ふたたび〝振り出しに戻る〟ことになり、ここ迄で徐云は(結果としてだが)三日という時間を無為にしていた。洛水が封鎖されて二日目には早くも姿を現していた兵の旗は南方伯の使う赤い旗であり、事態は決して王淑――鷲申君の側に有利に推移してはいないことが察せられた。
――こんなところで愚図愚図してはいられない。
洛邑の離宮で心細い思いをしているだろう明璇を想うと、徐云は気が気でなかった。
そうして四日目――。
いよいよ陸路を行かねばならなくなったと腹を括り、馬と馬具の手配を思案し始めた徐云は、客桟(宿)の主人から、来訪者のあることを告げられた。

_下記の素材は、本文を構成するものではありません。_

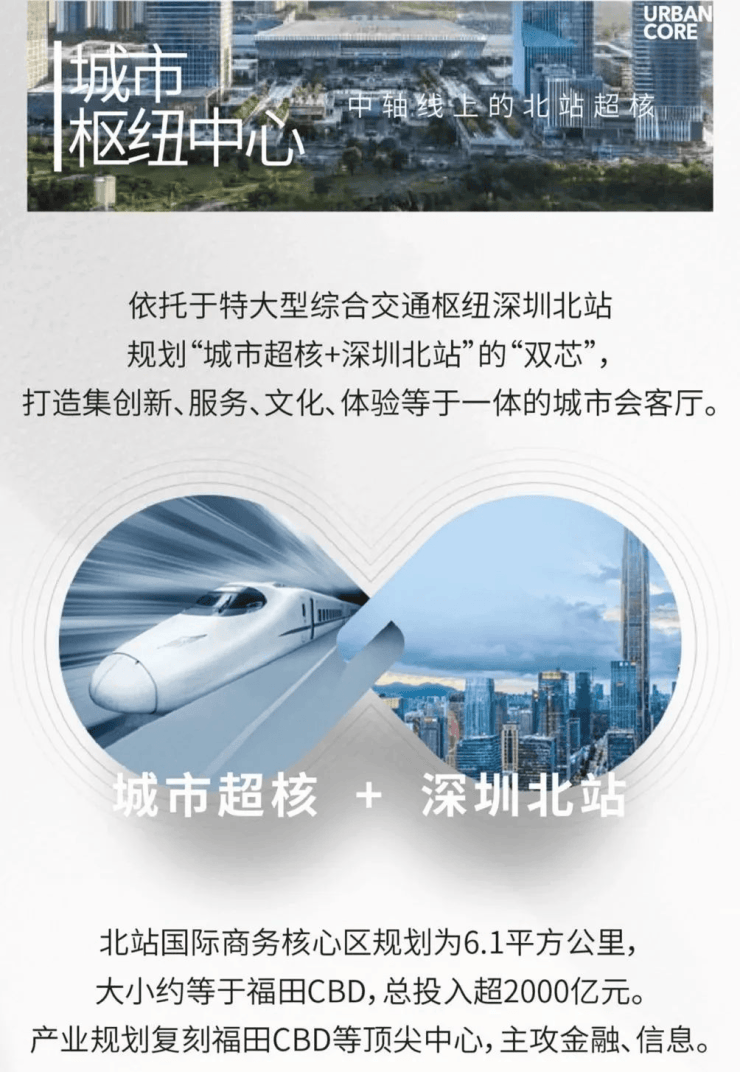 - 交通:地铁4/5/6号线交汇于深圳北站,地铁22号线、27号线建设中,深惠城轨规划中;临近亚洲最大高铁枢纽深圳北站;福龙路、南坪快速、北环大道等“四横四纵”深圳主干道环绕。

客桟の房前(軒先)に二台の馬車を連ねて乗り付けてきた客人は三十路あたりの女人で、部屋に通されるや、徐云にではなく麗雯を向いて口を開いた。
「鄭氏のお客人、翠麗雯であられますね」
「ええ。……あたしが翠麗雯だけど」
見知らぬ女に警戒した徐云が誰何の声を上げるよりも早く、麗雯は応えてしまっていた。
(…………。明璇といい麗雯といい、どうして僕の周りの女性は、なんでも先手を取りたがるんだろう)
少しばかり慍となって徐云が口を噤むと、客人は麗雯を向いて正しく揖礼をした。それから黙っている徐云にも揖をする。どうやら徐云のことを従僕と見たようである。
「ご怪訝なく。わたくしは洛邑の賈人、祥逸の遣いで参いりました。丁少琪と申します……」
祥逸の名は、洛邑と桃原を行き来する徐云にはわかる。逢の王室・王府とも取引を持つ大座賈だったはずだ。その大賈の遣いが、どうして旅先の麗雯を訪ねてきたのだろう。
そんな徐云の疑問は、続く丁少琪の言で解消された。